🤖 AI Summary
Shapley values suffer from theoretical limitations and poor robustness in model interpretation. To address this, we depart from the conventional Shapley-centric paradigm and introduce, for the first time, a generalized feature attribution framework grounded in the Weber set and Harsanyi set—two fundamental solution concepts from cooperative game theory. We establish a “value function–aggregation rule” separation principle and develop a three-step, axiomatically consistent, and reproducible attribution methodology. The framework ensures both theoretical rigor and computational flexibility, markedly improving attribution stability under model architecture perturbations and task evolution. Unlike existing empirically driven XAI methods, our approach advances explainability research toward a principle-driven paradigm. It provides a novel, theoretically grounded pathway for integrating cooperative game theory into XAI, accompanied by an extensible toolkit of interpretable, mathematically justified attribution mechanisms.
📝 Abstract
Cooperative game theory has become a cornerstone of post-hoc interpretability in machine learning, largely through the use of Shapley values.

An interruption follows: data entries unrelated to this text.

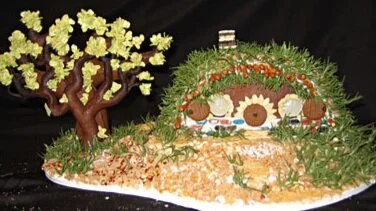 While it's true that a hobbit hole can be made with only two pieces of gingerbread (one flat with round doors and windows for the front, one draped over a bowl for the hill) I actually made several more pieces of gingerbread. In order to create a smoother transition from the base to the hole I made a few irregularly shaped blobbies to build up a slight mound underneath the hole proper. I also made a few small gingerbread circles for the shutters and the door, scoring them before baking to give them a weathered woodgrain texture. Finally, I shaped two pieces of gingerbread to make a tree for the yard. I won't say that it was meant to be the Party Tree, since we all know the Party Tree was cut down, but I imagine any self-respecting hobbit would want a nice tree in the yard.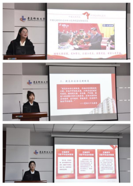 庞靖、李婷婷、吕靓、王云敏、申文理、于洋六位宣讲团成员分别围绕不同主题展开宣讲。庞靖、李婷婷把握“学雷锋志愿服务月”这一重要时刻,以“传承雷锋精神,弘扬时代新风”为重点展开宣讲,结合“中华民族伟大复兴”、“贯彻落实新思想”等方面,引导青年学子“坚定理想信念,牢记为人民服务”、“坚持终身学习,保持进取锐气”、“坚持实事求是,勇于开拓创新”,生动诠释了党的二十大精神和新时代雷锋精神的践行与落实;吕靓、王云敏结合中国青年的时代特点,突出中国青年的“守正”与“创新”,探讨了青年担当时代使命的必要性以及应如何担当时代使命;申文理围绕“为何要推进文化自信”和“怎样推进文化自信”两个方面展开具体讲解;于洋则以“守好绿水青山坚持人与自然和谐共生”为题,结合党的二十大报告重点内容解读,呼吁广大新时代青年以实际行动贯彻可持续发展理念,为建设美丽中国贡献力量。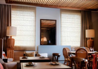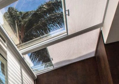 Seu jardim interno ou outro ambiente com cobertura de vidro ficará mais aconchegante com nossas persianas de teto – skywindow, seja no modelo romana, rollo, plissada ou celular. Persiana Romana: elegância e charme para os ambientes.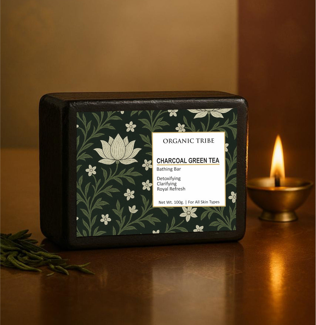 Free from harsh chemicals and synthetic additives, Charcoal Green Tea Soap transforms your bath into a clean, mindful ritual—where purity meets gentle care, the Organic Tribe way.
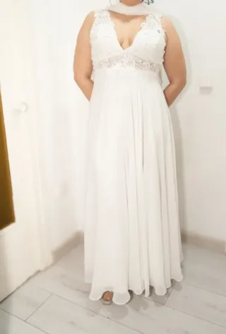 Vendo mi precioso vestido y elegante vestido de novia TALLA XXL con un chal a juego. Lo use solo un a vez y lo lave después de su uso . - Diseño con escote pronunciado y detalles de pedrería. - Falda larga con abertura lateral. - Chal vaporoso que complementa el vestido. No hago envio . También se vende por separado el vestido y chal.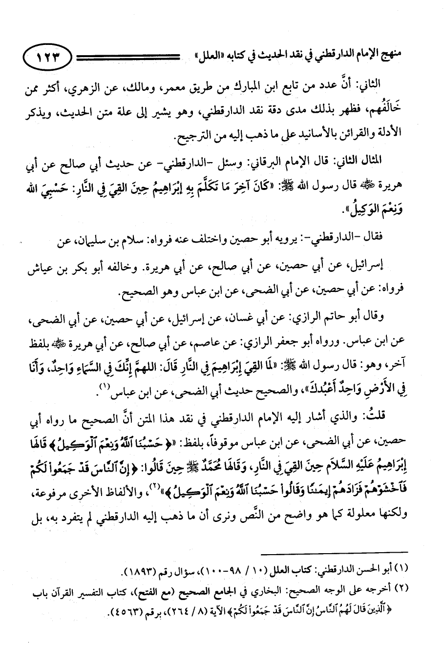قلتُ: والذي أشار إليه الإمام الدارقطني في نقد هذا المتن أنَّ الصحيح ما رواه أبي حصين، عن أبي الضحى، عن ابن عباس موقوفاً، بلفظ " (({حَسْبُنَا اللَّهُ وَنِعْمَ الْوَكِيلُ} قَالَهَا إِبْرَاهِيمُ عَلَيْهِ السَّلاَم حِينَ أُلْقِيَ فِي النَّارِ، وَقَالَهَا مُحَمَّدٌ - صلى الله عليه وسلم - حِينَ قَالُوا: {إِنَّ النَّاسَ قَدْ جَمَعُوا لَكُمْ فَاخْشَوْهُمْ فَزَادَهُمْ إِيمَانًا وَقَالُوا حَسْبُنَا اللَّهُ وَنِعْمَ الْوَكِيلُ})) (¬2)، والألفاظ الأخرى مرفوعة، ولكنها معلولة كما هو واضح من النَّص ونرى أن ما ذهب إليه الدارقطني لم يتفرد به، بل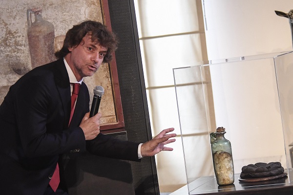 Straordinario è osservare come la bottiglia di vetro contenente l’olio d’oliva sia identica a quella raffigurata nell’affresco dai Praedia di Giulia Felice che Alberto Angela stava riprendendo nei depositi del Museo, “una specie di grotta delle meraviglie”, li definisce. Il popolare divulgatore ha raccontato la sua esperienza mostrando sia l’opera che la bottiglia.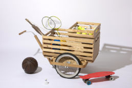 Preuve vivante que la sobriété ne sacrifie pas l’esthétique, la malle nomade a été conçue et fabriquée pour s’intégrer dans la nature sans en être la contradiction. Dans une démarche respectueuse de l’environnement, ce mobilier prend forme en valorisant les rebus et les chutes de bois de l’industrie nautique, de celle du parquet et du placage. Les roues d’un diamètre de 16 pouces sont d’anciennes roues de vélo pour enfant, récupérées pour être réemployées dans un nouveau contexte. En valorisant ces déchets, la malle nomade propose une nouvelle manière de concevoir la création d’objets de design en combinant les exigences écologiques de notre époque avec l’émergence de modes de vie doux et attentifs aux rythmes de la nature.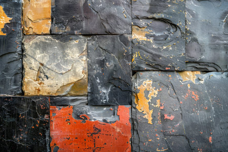 Dark slate tiles are artistically arranged on an orange background, showingcasing textures.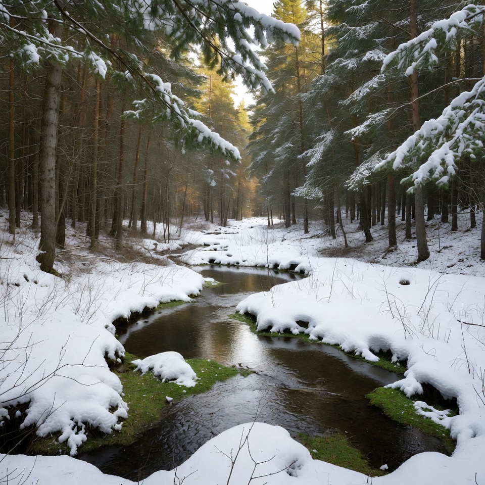 A serene winter forest features tall evergreen trees blanketed in snow. A narrow stream winds through the snowy landscape, reflecting the surrounding trees. Fresh snow covers the ground and branches, creating a pristine natural scene.

Yet, despite their widespread adoption, Shapley-based methods often rest on axiomatic justifications whose relevance to feature attribution remains debatable. In this paper, we revisit cooperative game theory from an interpretability perspective and argue for a broader and more principled use of its tools. We highlight two general families of efficient allocations, the Weber and Harsanyi sets, that extend beyond Shapley values and offer richer interpretative flexibility. We present an accessible overview of these allocation schemes, clarify the distinction between value functions and aggregation rules, and introduce a three-step blueprint for constructing reliable and theoretically-grounded feature attributions. Our goal is to move beyond fixed axioms and provide the XAI community with a coherent framework to design attribution methods that are both meaningful and robust to shifting methodological trends.